**To do:**
Your job with the data below is to output exactly the lines from the one holding "5 км 745 м +" down to the one holding "Galvanised Flower Vase", both included, and no others.

**Material for this exercise:**

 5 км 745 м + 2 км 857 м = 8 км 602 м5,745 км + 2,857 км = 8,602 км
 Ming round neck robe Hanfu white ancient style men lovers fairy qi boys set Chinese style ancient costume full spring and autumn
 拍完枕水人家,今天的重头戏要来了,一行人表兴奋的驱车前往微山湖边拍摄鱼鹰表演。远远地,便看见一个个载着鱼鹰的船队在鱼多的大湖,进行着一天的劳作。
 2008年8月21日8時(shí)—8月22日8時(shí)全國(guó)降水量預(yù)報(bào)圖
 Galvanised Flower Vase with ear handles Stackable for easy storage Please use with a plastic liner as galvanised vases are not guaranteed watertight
---
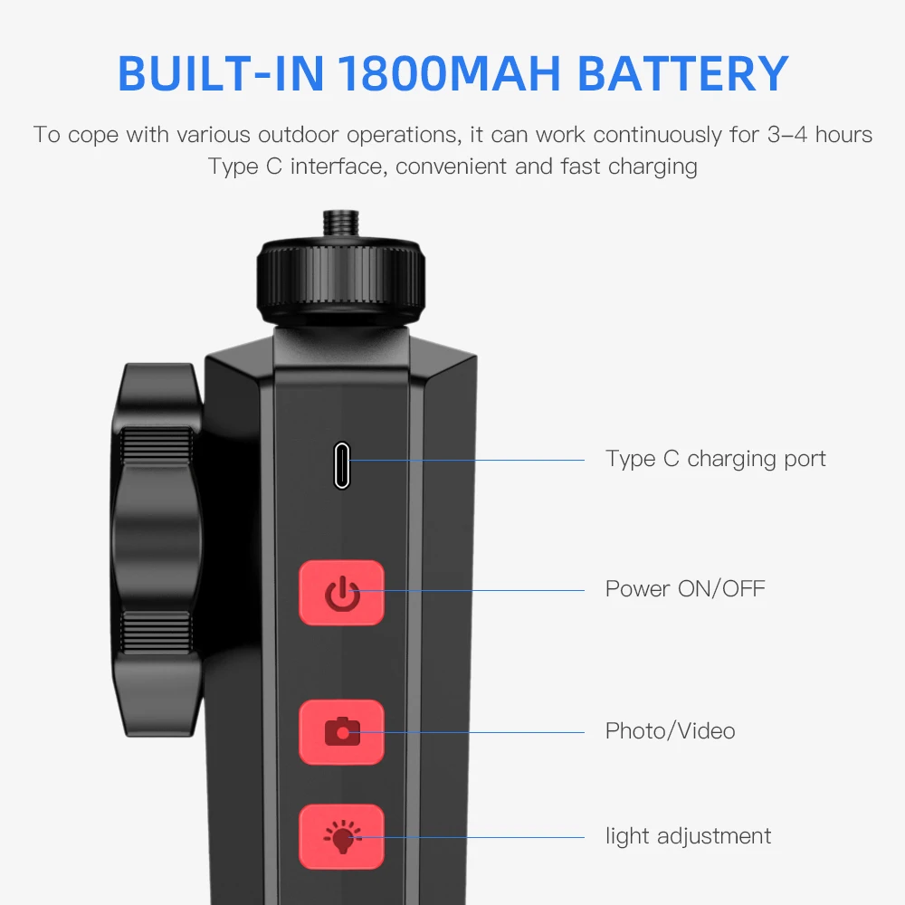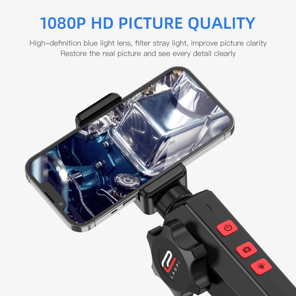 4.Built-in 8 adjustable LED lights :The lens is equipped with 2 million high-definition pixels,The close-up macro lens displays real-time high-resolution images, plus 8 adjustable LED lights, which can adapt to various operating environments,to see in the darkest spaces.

**Completed task:**
 5 км 745 м + 2 км 857 м = 8 км 602 м5,745 км + 2,857 км = 8,602 км
 Ming round neck robe Hanfu white ancient style men lovers fairy qi boys set Chinese style ancient costume full spring and autumn
 拍完枕水人家,今天的重头戏要来了,一行人表兴奋的驱车前往微山湖边拍摄鱼鹰表演。远远地,便看见一个个载着鱼鹰的船队在鱼多的大湖,进行着一天的劳作。
 2008年8月21日8時(shí)—8月22日8時(shí)全國(guó)降水量預(yù)報(bào)圖
 Galvanised Flower Vase with ear handles Stackable for easy storage Please use with a plastic liner as galvanised vases are not guaranteed watertight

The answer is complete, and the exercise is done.